Briefings in Bioinformatics
|May 26, 2023
Summary
A new computational method, IEPAPI, improves the prediction of T-cell immune responses by integrating antigen presentation and immunogenicity. This advancement enhances the identification of cancer neoantigens for T-cell vaccine development.
Area of Science:
- Computational immunology
- Bioinformatics
- Cancer immunotherapy
Background:
- CD8+ T cells recognize peptides presented by HLA-I molecules, crucial for cancer immunotherapy.
- Existing prediction methods for HLA-I binding and antigen presentation lack precision due to unaddressed T-cell receptor recognition.
- Direct modeling of T-cell immune responses is limited by the underexplored mechanisms of T-cell receptor recognition.
Purpose of the Study:
- To develop a novel computational method, IEPAPI, for predicting immune epitopes by integrating antigen presentation and immunogenicity.
- To enhance the accuracy of neoantigen screening for T-cell vaccine design.
Main Methods:
- IEPAPI utilizes a transformer-based feature extraction block for peptide and HLA-I protein representations.
- It integrates antigen presentation prediction into the immunogenicity prediction branch to model biological process connections.

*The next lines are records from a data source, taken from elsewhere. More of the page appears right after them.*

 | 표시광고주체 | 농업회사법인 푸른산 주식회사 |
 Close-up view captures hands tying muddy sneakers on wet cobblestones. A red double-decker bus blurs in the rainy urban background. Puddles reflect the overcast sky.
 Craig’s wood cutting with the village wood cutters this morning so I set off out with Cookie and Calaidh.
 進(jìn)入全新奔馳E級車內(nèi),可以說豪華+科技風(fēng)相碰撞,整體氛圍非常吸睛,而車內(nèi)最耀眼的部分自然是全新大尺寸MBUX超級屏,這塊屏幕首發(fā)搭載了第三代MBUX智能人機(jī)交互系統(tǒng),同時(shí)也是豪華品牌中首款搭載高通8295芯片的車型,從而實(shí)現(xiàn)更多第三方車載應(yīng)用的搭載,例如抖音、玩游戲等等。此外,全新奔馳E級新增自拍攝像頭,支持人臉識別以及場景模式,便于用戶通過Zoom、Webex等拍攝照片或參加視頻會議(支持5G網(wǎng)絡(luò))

- The method simulates the interplay between antigen presentation and T-cell receptor recognition.
Main Results:
- IEPAPI outperformed NetMHCpan4.1 and mhcflurry2.0 on 100% and 76% of HLA subtypes in antigen presentation prediction, respectively.

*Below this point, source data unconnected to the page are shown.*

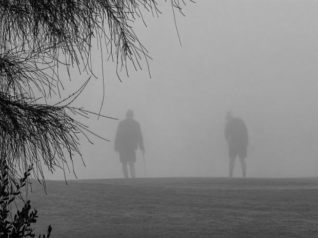 Keen golfers in early morning fog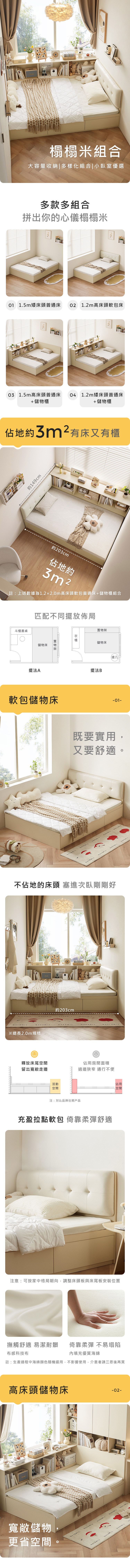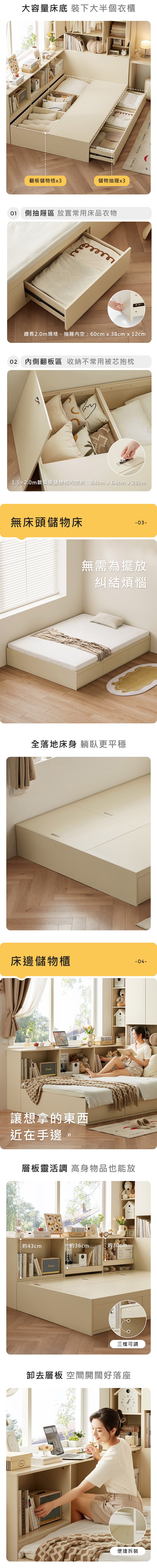 *注意:以下為情境示意圖,實際商品款式為奶油風塌塌米雙人150x190抽屜收納床架 QE3A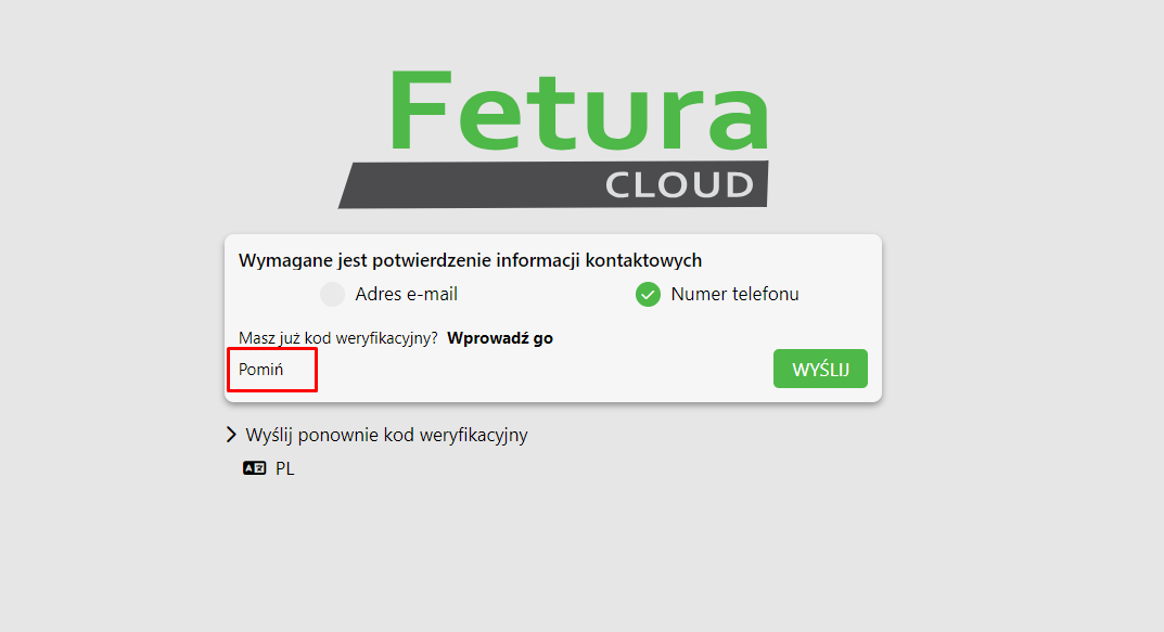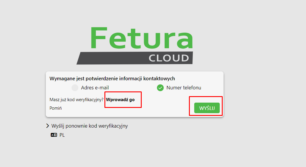 - System poprosi Cię o weryfikację adresu e-mail oraz numeru telefonu. Aby to zrobić, zaznacz konkretną opcję (telefon lub e-mail) i kliknij „Wyślij”.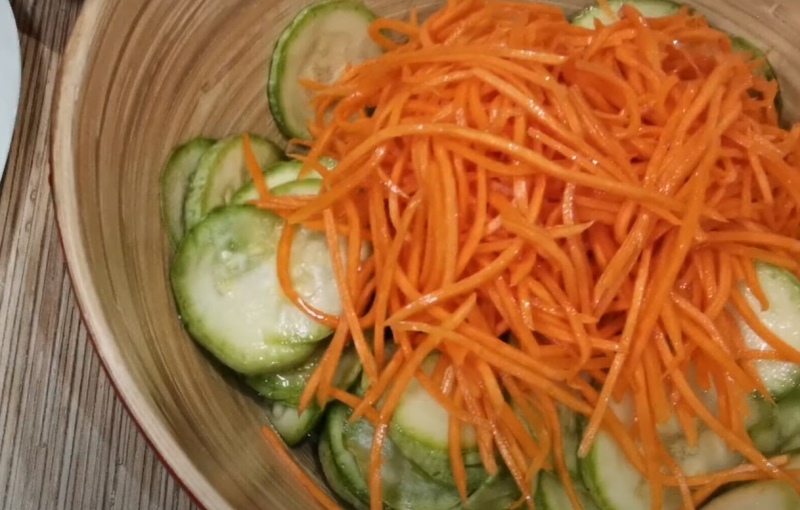 Marchew obrać i pokroić w paski. Można użyć specjalnej tarki do siekania marchwi „po koreańsku”. Marchew włożyć do osobnej miski, wsypać szczyptę soli i wymieszać. Odstawić, podobnie jak cukinię na 30 minut. Czosnek obrać i przecisnąć przez praskę. Wlać sos sojowy, sok z cytryny i dodać miód. Wszystkie składniki połączyć wraz z papryką w proszku.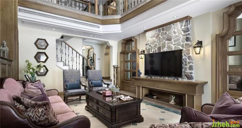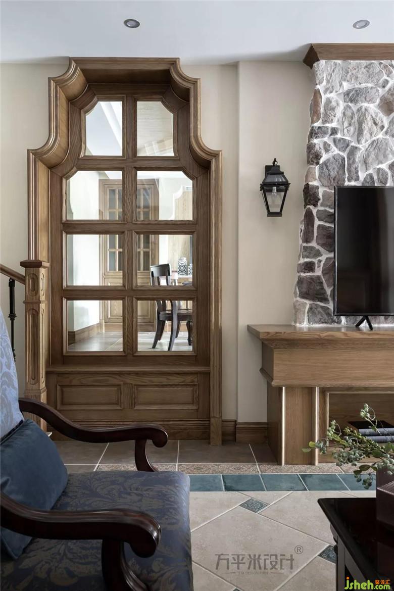 整個空間強調(diào)了對稱形式美學(xué),客廳區(qū)域下沉,地面形成了不同的維度的高差體驗。電視背景墻將客餐廳分隔,為了讓空間得以交流,視覺更加通透,得以延伸,兩側(cè)墻體一面玻璃一面鏡子,一虛一實,平衡輕重。采用富有自然肌理感的文化石進行貼面,搭配黑色戶外鐵藝馬燈,從紋路到質(zhì)感都呈現(xiàn)出莊園式的復(fù)古情懷,詮釋了美式風(fēng)情的特點。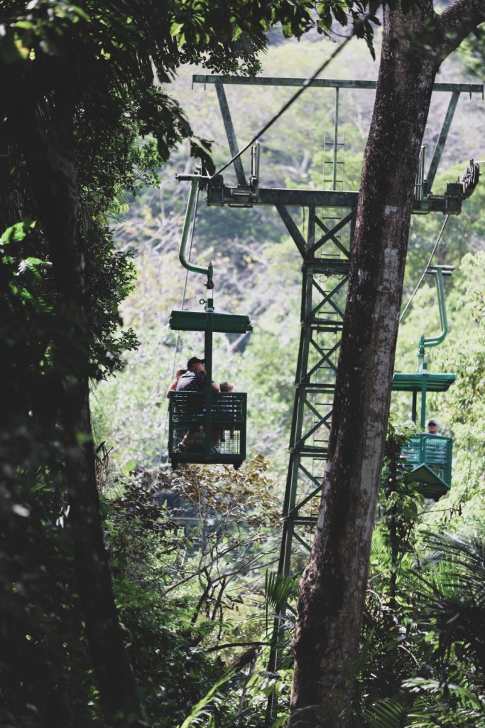 Ce mi-a placut in mod deosebit aici (pe langa privelistea frumoasa de pe terasa resortului) a fost plimbarea cu Aerial Tram (unde am fost dusi ca niste adevarati turisti comozi cu un mini-autobuz de la resort, chiar daca nu era mult de mers pana acolo). Sincera sa fiu, nu stiu ce-o fi fost in capul nostru sa mergem cu un copil de 2 si altul de 5 in gondolele acelea in aer liber (dintre care unul bolnav), pe deasupra junglei. Probabil fix ce-o fi fost in mintea noastra si cand am mers in Egipt cu submarinul cu un copil de opt saptamani neimplinite. Cert e ca uitandu-ma inapoi, nu stiu cat de mult m-as mai incumeta oricare dintre aceste experiente inca o data :)) In orice caz, Aerial Tram este de fapt un traseu pe deasupra junglei (superb de altfel!), cu mini gondole (potrivite pentru patru-sase persoane, insa noi am stat separat, cate doi) descoperite complet. Adica nu sunt inchise complet, sunt niste banci incadrate de un gard metalic, care se plimba frumos pe deasupra padurii tropicale, printre varfurile copacilor. Lasand la o parte temerile nebunesti de parinte de copii inca mici, plimbarea este SUPERBA. Se aude linistea padurii. Privelistea este minunata si am reusit sa vedem si cateva pasari tropicale foarte aproape de noi. Experienta in sine este minunata, daca nu o umbrim cu frici.

- IEPAPI demonstrated superior precision on two independent neoantigen datasets compared to existing approaches.
- The method effectively incorporates antigen presentation and immunogenicity for improved epitope prediction.
Conclusions:
- IEPAPI offers a significant advancement in predicting T-cell immune responses and identifying cancer neoantigens.
- The method provides a vital tool for the design of effective T-cell vaccines.
- Integrating antigen presentation and immunogenicity prediction enhances the accuracy of epitope discovery.